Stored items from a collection
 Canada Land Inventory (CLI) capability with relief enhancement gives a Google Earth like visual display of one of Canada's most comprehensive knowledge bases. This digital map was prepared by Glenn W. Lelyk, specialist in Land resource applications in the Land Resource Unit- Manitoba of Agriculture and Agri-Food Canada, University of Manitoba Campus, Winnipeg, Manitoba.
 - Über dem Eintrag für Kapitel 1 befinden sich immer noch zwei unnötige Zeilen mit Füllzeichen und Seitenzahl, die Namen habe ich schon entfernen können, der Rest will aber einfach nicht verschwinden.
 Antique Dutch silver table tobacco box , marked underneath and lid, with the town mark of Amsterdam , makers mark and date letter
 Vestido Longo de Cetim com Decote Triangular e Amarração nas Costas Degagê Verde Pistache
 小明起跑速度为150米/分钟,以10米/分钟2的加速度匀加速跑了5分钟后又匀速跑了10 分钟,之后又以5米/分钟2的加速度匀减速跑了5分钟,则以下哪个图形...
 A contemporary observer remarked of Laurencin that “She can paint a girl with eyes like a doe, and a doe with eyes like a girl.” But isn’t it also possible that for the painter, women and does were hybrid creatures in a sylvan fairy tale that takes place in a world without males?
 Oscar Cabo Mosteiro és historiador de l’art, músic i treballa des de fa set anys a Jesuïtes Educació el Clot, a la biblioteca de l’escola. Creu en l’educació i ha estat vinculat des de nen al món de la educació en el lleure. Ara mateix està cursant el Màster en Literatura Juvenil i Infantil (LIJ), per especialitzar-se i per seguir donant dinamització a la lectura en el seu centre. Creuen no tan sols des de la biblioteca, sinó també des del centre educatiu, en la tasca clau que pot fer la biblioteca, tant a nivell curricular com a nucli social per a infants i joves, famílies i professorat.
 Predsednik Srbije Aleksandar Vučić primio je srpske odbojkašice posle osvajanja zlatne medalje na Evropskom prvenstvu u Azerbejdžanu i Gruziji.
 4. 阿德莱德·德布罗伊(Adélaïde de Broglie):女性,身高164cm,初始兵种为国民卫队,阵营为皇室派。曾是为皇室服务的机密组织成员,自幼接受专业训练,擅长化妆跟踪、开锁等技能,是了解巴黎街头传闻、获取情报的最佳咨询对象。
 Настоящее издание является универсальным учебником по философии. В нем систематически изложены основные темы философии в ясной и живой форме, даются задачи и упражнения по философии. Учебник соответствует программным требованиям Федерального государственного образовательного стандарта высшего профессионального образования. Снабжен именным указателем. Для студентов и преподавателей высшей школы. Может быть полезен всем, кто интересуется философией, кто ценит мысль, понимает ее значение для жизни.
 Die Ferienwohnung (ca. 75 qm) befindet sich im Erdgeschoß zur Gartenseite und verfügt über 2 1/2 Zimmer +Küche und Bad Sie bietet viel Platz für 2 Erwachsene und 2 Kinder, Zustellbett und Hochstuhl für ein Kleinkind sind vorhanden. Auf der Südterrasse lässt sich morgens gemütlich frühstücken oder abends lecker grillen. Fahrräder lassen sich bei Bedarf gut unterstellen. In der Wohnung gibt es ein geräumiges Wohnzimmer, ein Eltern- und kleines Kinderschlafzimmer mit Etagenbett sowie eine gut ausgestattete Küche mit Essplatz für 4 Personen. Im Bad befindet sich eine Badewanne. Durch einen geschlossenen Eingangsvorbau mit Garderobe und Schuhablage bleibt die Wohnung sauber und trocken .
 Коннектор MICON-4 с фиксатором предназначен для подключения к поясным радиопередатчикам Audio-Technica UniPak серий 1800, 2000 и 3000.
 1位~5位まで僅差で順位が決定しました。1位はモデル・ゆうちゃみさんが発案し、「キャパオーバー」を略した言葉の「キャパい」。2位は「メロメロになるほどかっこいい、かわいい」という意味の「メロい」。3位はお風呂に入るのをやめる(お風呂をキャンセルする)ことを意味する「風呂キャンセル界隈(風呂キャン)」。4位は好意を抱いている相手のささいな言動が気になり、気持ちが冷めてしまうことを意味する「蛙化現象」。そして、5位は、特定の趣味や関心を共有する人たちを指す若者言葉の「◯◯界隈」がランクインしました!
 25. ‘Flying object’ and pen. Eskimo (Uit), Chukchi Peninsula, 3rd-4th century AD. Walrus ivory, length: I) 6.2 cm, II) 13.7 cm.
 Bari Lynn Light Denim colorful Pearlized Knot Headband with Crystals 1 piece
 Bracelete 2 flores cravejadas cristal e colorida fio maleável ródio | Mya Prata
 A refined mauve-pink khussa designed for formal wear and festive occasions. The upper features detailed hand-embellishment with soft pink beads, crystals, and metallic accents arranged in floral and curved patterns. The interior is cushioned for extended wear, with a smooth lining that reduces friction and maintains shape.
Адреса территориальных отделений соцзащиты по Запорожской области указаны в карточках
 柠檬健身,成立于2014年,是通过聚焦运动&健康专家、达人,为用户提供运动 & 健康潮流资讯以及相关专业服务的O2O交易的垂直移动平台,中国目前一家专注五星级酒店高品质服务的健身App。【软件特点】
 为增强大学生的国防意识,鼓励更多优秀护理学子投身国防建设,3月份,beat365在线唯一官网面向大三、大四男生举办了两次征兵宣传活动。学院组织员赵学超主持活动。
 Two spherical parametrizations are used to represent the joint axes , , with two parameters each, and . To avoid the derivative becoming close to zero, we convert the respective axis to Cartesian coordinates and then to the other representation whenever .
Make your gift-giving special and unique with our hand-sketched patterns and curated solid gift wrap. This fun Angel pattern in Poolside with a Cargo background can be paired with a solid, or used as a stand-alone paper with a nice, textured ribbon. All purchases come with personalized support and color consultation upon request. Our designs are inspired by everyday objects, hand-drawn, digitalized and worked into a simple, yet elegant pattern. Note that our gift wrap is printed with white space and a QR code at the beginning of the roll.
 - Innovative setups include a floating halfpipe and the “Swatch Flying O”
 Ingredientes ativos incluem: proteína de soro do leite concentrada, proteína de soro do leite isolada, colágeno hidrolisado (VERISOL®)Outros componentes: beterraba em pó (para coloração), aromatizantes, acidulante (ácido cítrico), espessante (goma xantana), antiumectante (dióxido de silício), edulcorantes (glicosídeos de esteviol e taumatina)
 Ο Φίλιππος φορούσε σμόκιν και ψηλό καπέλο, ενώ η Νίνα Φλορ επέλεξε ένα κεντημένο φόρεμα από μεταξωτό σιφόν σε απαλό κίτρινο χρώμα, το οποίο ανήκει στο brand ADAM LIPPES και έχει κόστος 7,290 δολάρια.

» GOAL OF THE EXERCISE:
In the records above, find the lines containing "like" and copy them.

» RESULT FOR THIS EXERCISE:
 Canada Land Inventory (CLI) capability with relief enhancement gives a Google Earth like visual display of one of Canada's most comprehensive knowledge bases. This digital map was prepared by Glenn W. Lelyk, specialist in Land resource applications in the Land Resource Unit- Manitoba of Agriculture and Agri-Food Canada, University of Manitoba Campus, Winnipeg, Manitoba.
 A contemporary observer remarked of Laurencin that “She can paint a girl with eyes like a doe, and a doe with eyes like a girl.” But isn’t it also possible that for the painter, women and does were hybrid creatures in a sylvan fairy tale that takes place in a world without males?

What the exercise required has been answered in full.